7. Com frequência penso, ao ler os textos do Desidério, que parte da convicção de que existe em todos os alunos uma auto motivação intrínseca para o conhecimento e que, como diz, se a Filosofia for apresentada aos alunos de forma clara e cientificamente rigorosa, os alunos gostarão de aprender Filosofia. Partilho com o Desidério a convicção, até por experiência própria, de que muitos alunos valorizam o conhecimento científico dos seus professores.
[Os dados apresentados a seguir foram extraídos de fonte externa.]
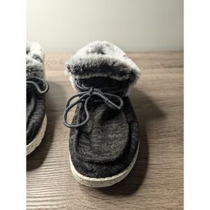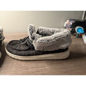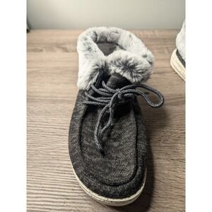 Hey Dude Wendy Fold Women's 6 Gray Faux Fur Lined Slip On Loafer Shoes
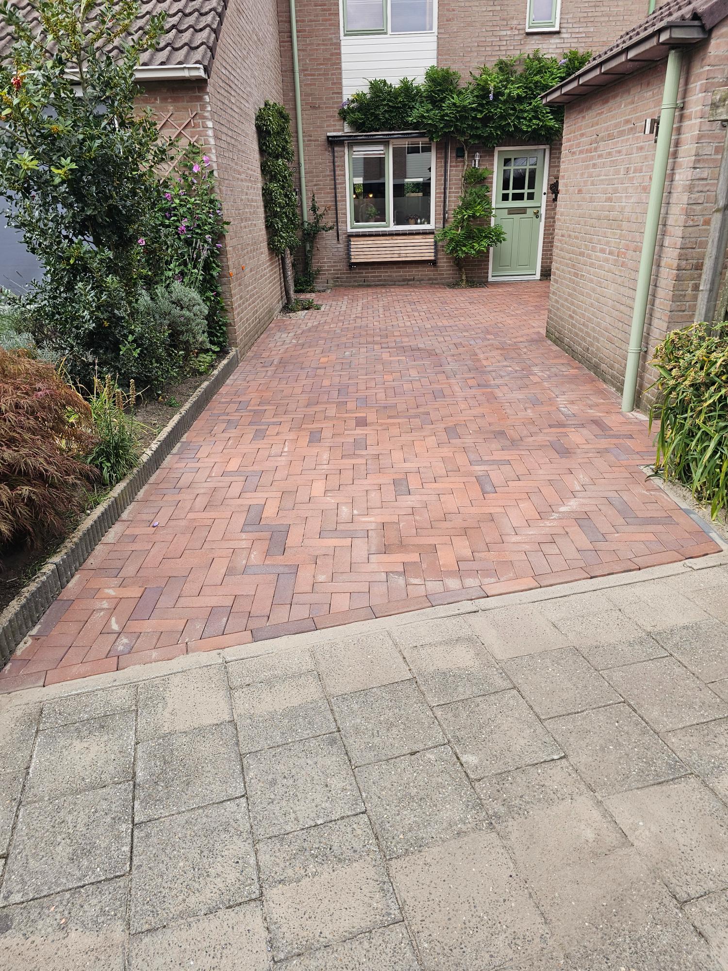 Bij deze woning hebben wij de oude betontegels uit de oprit verwijderd en afgevoerd. Omdat de oude oprit behoorlijk verzakt was, hebben wij zand aangevoerd en verwerkt tot de juiste hoogte, nadat wij deze verdicht hadden met onze zware trilplaat.
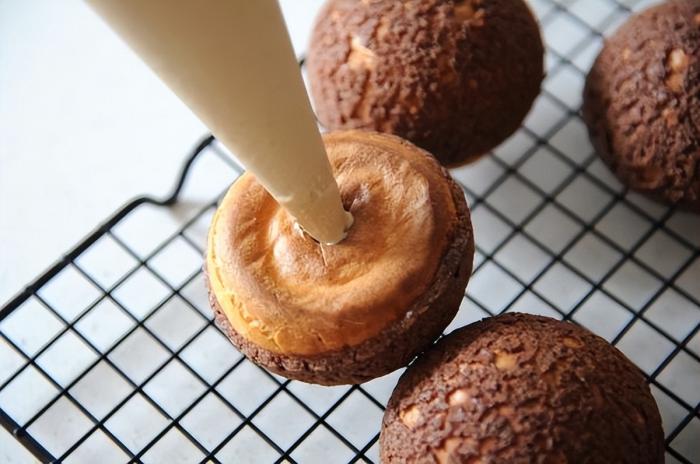烤好的泡芙皮裡面是空的又很脆,這時候選擇在泡芙的底部戳個小洞,裱花袋口對準泡芙底部,擠入奶油,就大功告成了
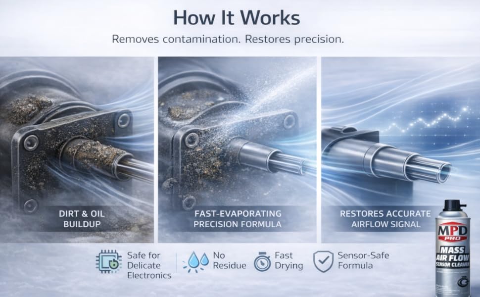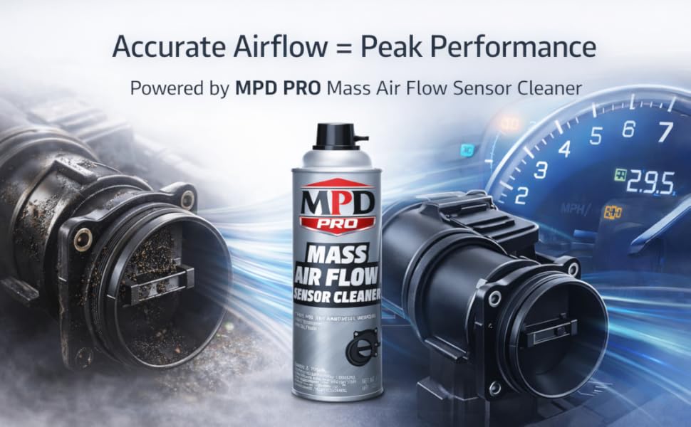 بخاخ منظف مستشعر تدفق الهواء الشامل MPD PRO - تركيبة احترافية لأجهزة استشعار MAF الحساسة | ينظف بأمان دون بقايا | يعزز أداء المحرك وكفاءة استهلاك الوقود واستجابة الخانق (الحزمة 1)
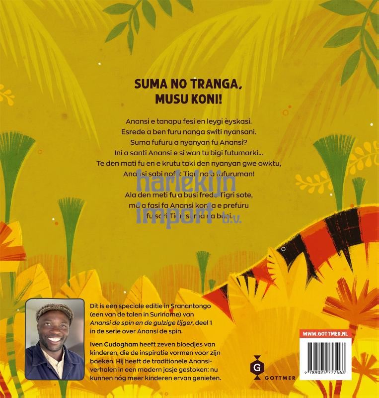 Maak kennis met de slimme Anansi en zijn vrienden in het prentenboek 'Anansi de spin en de gulzige tijger', nu in het Surinaams! Het eerste verhaal in de reeks van Iven Cudogham is vanaf nu ook in het Sranantongo te lezen. De slimme Anansi, bekend uit tal van West-Afrikaanse, Surinaamse en Caribische volksverhalen, zet zoals altijd weer eens een veel groter en sterker dier op zijn nummer!

Mas também tenho a experiência de que muitos alunos não têm essa motivação intrínseca e de que ela tem de ser desenvolvida. Como? Não é através de um discurso claro e cientificamente bem fundamentado do professor. Só isso não basta e tenho essa experiência como professora de Filosofia, Psicologia e de Sociologia. Mais, comparando a minha experiência profissional, sei que isso é muito mais fácil de fazer na Psicologia e na Sociologia do que na Filosofia. Na Filosofia é, realmente, necessário mediar o discurso filosófico com dispositivos didácticos. Será que isso banaliza ou fragiliza o conteúdo filosófico da aula? Só se o professor não souber o que está a fazer. Só se não dominar verdadeiramente os conteúdos. E, nesse caso, não há bom manual que ultrapasse as deficiências do professor.

Anónimo disse...

Viva,
deixe-me contrapor um pequeno aspecto que refere. também possuo experiência de ensino em filosofia, psicologia, sociologia, psicossociologia, sociologia da comunicação, técnicas de atendimento e relações públicas e, curiosamente, é nas aulas de filosofia que motivo mais os alunos, mesmo que a tenha já ensinado em diversos contextos socio culturais. Penso que tal se deve à minha maior motivação para a ensinar em relação às outras disciplinas. Pela experiência que possuo, os alunos estão, à partida, convencidos que a sociologia ou psicologia são disciplinas mais fáceis porque, precisamente, nós, professores de filosofis lhe fazemos crer essa ideia falsa. Pensam, inclusivé, que a psicologia e a sociologia são ciências mais práticas. Mas tal ideia - que lhes é passada pelos próprios professores - é errada. A diferença substancial é que a psicologia ou sociologia possuem métodos experimentais para algumas das suas áreas centrais, ao passo que a filosofia não os possui. Com efeito, é muito mais fácul e, arrisco, atraente, para um aluno estudar os argumentos dos filósofos partindo de algum método com a lógca, do que compreender análises narrativas e estatísticas da filosofia ou compreender o método experimental na psicologia. Penso que a sua ideia decorre da forma como numa maioria das vezes, nós, professores de filosofia, encaramos a nossa disciplina.
Rolando Almeida

Anónimo disse...

Errata:
quando referi:
"compreender análises narrativas e estatísticas da filosofia "
queria referir:
"compreender análises narrativas e estatísticas da sociologia"
Obrigado
Rolando A

Anónimo disse...

"E quando não se vê essa relação ocorrem as duas desgraças ao mesmo tempo: professores com qualificação científica, mas sem qualificação pedagógica, e professores com qualificação pedagógica, mas sem qualificação científica."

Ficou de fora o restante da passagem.